■ **Exercise input**
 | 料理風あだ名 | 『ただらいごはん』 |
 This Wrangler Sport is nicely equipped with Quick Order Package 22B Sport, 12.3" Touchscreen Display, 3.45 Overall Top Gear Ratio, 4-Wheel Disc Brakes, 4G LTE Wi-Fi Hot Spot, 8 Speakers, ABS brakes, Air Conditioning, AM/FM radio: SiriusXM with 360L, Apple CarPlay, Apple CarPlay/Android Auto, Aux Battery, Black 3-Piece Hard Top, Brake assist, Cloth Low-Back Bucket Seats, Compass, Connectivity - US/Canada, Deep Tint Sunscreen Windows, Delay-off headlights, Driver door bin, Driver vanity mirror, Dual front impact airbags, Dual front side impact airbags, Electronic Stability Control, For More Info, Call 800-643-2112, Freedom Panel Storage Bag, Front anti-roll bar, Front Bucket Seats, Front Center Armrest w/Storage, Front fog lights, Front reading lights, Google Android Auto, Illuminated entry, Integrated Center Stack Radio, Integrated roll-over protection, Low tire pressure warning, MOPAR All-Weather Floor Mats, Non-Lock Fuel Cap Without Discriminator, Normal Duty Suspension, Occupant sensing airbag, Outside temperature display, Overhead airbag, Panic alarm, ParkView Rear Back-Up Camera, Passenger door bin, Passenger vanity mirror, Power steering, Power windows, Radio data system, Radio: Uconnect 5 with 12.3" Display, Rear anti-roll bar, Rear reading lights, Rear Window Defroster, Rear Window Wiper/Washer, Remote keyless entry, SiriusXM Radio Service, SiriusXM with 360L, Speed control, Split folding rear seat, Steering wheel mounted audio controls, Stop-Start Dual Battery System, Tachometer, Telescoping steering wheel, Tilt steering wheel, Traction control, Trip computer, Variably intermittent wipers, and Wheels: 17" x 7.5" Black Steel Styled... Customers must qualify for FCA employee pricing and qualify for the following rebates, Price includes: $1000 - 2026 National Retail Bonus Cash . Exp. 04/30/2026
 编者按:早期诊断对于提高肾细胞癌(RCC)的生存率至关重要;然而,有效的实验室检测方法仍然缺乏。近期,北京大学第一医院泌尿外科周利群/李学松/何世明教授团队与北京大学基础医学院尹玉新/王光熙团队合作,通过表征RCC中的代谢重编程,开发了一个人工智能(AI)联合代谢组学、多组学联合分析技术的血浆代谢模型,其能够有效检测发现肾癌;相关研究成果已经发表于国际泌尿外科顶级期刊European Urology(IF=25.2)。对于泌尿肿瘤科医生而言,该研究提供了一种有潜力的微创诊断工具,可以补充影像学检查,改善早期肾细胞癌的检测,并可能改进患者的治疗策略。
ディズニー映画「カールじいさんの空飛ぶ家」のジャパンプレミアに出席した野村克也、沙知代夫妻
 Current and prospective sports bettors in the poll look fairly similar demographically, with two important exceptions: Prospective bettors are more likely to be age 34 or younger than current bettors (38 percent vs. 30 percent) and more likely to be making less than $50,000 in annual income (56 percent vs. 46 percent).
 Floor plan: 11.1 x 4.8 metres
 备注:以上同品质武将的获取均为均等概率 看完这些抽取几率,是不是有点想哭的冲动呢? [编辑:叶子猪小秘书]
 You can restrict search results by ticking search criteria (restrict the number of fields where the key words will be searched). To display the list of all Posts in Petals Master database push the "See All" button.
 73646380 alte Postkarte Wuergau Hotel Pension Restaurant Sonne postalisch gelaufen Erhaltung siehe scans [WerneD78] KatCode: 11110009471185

■ **The task**
Return exactly the lines from the line holding "ディズニー映画「カールじいさ" to the last line of the data, with both of those lines included and nothing added.

■ **Task response**
ディズニー映画「カールじいさんの空飛ぶ家」のジャパンプレミアに出席した野村克也、沙知代夫妻
 Current and prospective sports bettors in the poll look fairly similar demographically, with two important exceptions: Prospective bettors are more likely to be age 34 or younger than current bettors (38 percent vs. 30 percent) and more likely to be making less than $50,000 in annual income (56 percent vs. 46 percent).
 Floor plan: 11.1 x 4.8 metres
 备注:以上同品质武将的获取均为均等概率 看完这些抽取几率,是不是有点想哭的冲动呢? [编辑:叶子猪小秘书]
 You can restrict search results by ticking search criteria (restrict the number of fields where the key words will be searched). To display the list of all Posts in Petals Master database push the "See All" button.
 73646380 alte Postkarte Wuergau Hotel Pension Restaurant Sonne postalisch gelaufen Erhaltung siehe scans [WerneD78] KatCode: 11110009471185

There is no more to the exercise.